In Lively’s case, the court found that the complaint’s allegations were sufficient to invoke jurisdiction under the ATS.  “The allegations feature Defendant’s active involvement in well orchestrated initiatives by legislative and executive branch officials and powerful private parties in Uganda, including elements of the media, to intimidate LGBTI people and to deprive them of their fundamental human rights to freedom of expression, life, liberty and property,” wrote the court, pointing out that jurisdiction had been extended to aiding and abetting such activity as well as those committing direct acts of persecution, referring to various prosecutions in international tribunals beginning with the Nuremburg proceedings after World War II.  In this case, the complaint alleges that Lively provided practical assistance, his role alleged to be “analogous to that of an upper-level manager or leader of a criminal enterprise,” who “participated in formulating the enterprise’s policies and strategies.”  Indeed, the complaint alleges that Lively had himself acknowledged that “his efforts made him instrumental in detonating ‘a nuclear bomb against the “gay” agenda in Uganda.'”
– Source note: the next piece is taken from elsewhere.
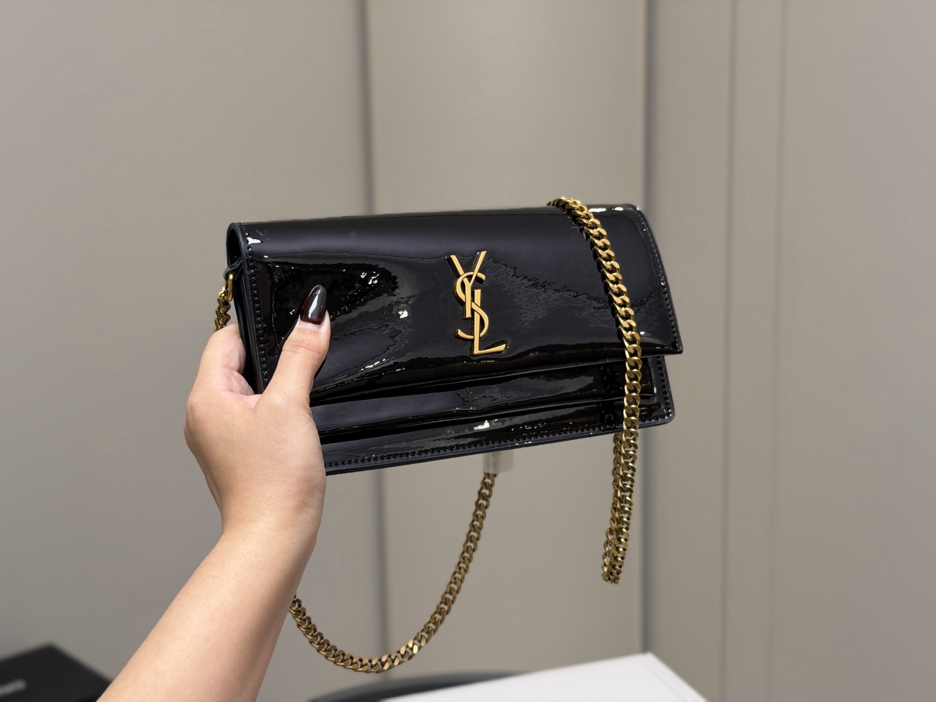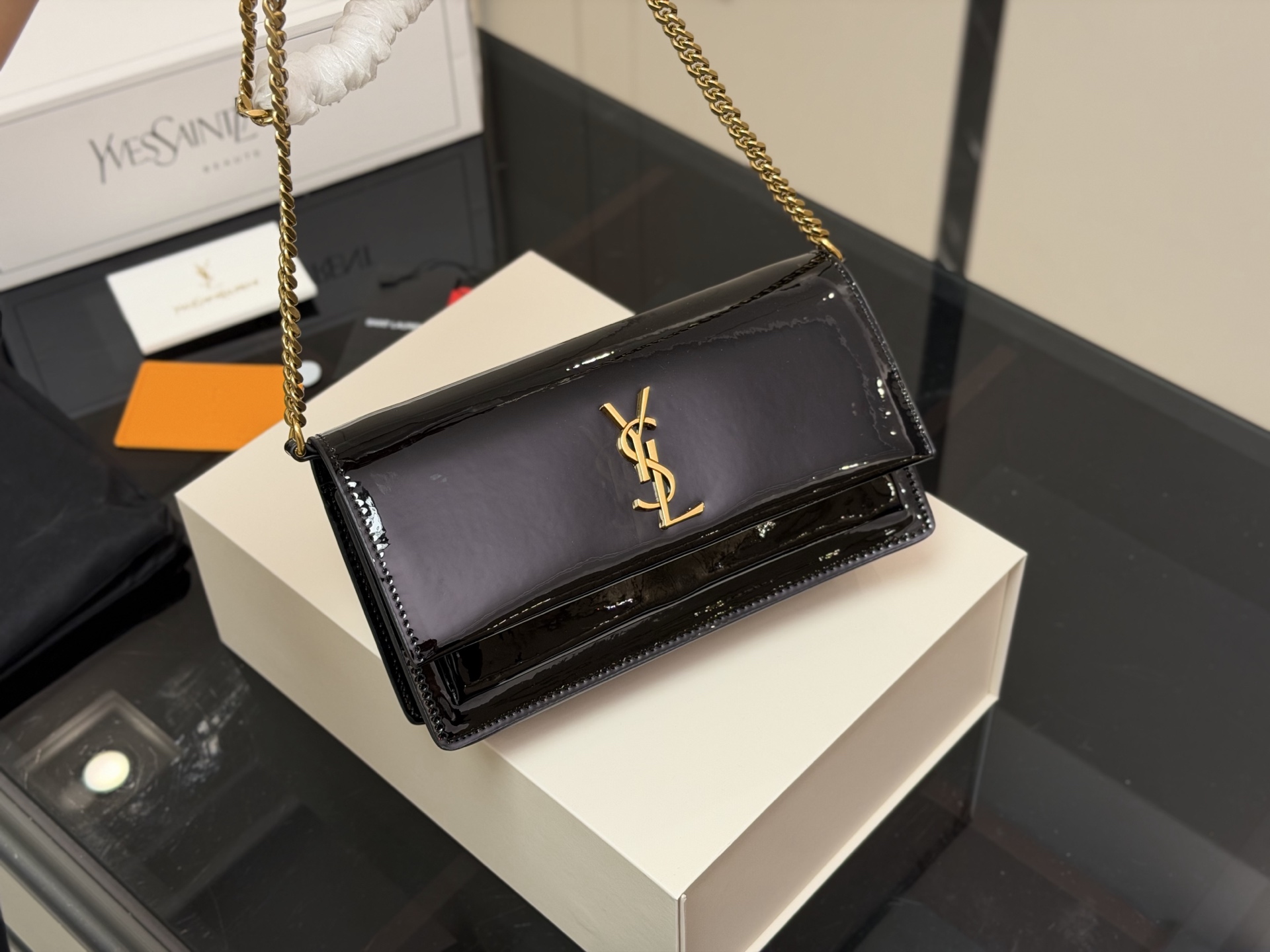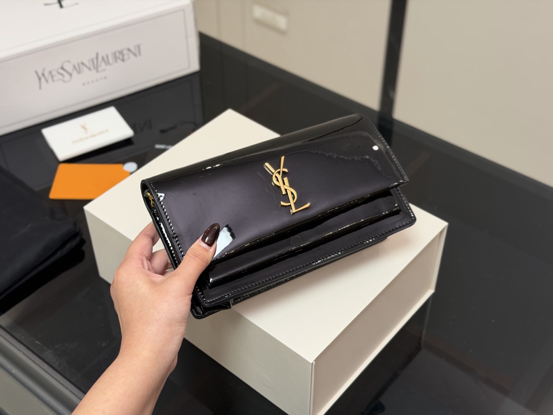 Tags: Black Patent Leather Bag, Designer Clutch, Evening Bag, Gold Hardware Bag, Saint Laurent Bag, Ysl Sunset Bag

The Supreme Court has recently ruled that ATS has very limited extraterritorial application, but Judge Ponsor found that the allegations in this case were sufficient to meet the Court’s requirement of a nexus with the United States.  Lively is a U.S. citizen, resident in Massachusetts, and the complaint “alleges that the tortious acts committed by Defendant took place to a substantial degree within the United States, over many years, with only infrequent actual visits to Uganda.  The fact that the impact of Defendant’s conduct was felt in Uganda cannot deprive Plaintiff of a claim.  Defendant’s alleged actions in planning and managing a campaign of repression in Uganda from the United States are analogous to a terrorist designing and manufacturing a bomb in this country, which he then mails to Uganda with the intent that it explode there.”

The court found that Plaintiff’s own interests were affected by Lively’s alleged actions, and that Plaintiff also “has associational standing to bring claims on behalf of its members and the LGBTI community for injunctive relief” to prevent Lively from continuing his alleged actions intended to “strip away and/or deprive Plaintiff and LGBTI community in Uganda of their fundamental rights.”

Turning to Lively’s First Amendment argument, Ponsor wrote, “It is well-established that speech that constitutes criminal aiding and abetting is not protected by the First Amendment.  It is equally well supported that the same logic extends to civil actions for aiding and abetting. . .  Plaintiff contends that Defendant’s conduct has gone far beyond mere expression into the realm not only of advocacy of imminent criminal conduct, in this case advocacy of a crime against humanity, but management of actual crimes — repression of free expression through intimidation, false arrests, assaults, and criminalization of peaceful activity and even the status of being gay or lesbian — that no jury could find to enjoy the protection of the First Amendment.”

While “mindful of the chilling effect that can occur when potential tort liability is extended to unpopular opinions that are expressed as part of a public debate on policy,” wrote Ponsor, the complaint “sets out plausible claims to hold Defendant liable for his role in systematic persecution, rather than merely for opinions that Plaintiff finds abhorrent.  The complexion of the case at this stage entitles Plaintiff to discovery and requires the court to deny Defendant’s motion to dismiss.”

Judge Ponsor also concluded that it would be premature to dismiss the state law civil conspiracy and negligence claims in advance of discovery.  The judge referred the case to Magistrate Judge Kenneth P. Neiman for a pretrial scheduling conference to set out the schedule for discovery.

The case was first filed in 2012 in the federal district court in Springfield, Massachusetts.  Judge Ponsor, a senior district judge since 2011, is a graduate of Yale Law School. He was appointed to the federal bench by President Bill Clinton in 1994.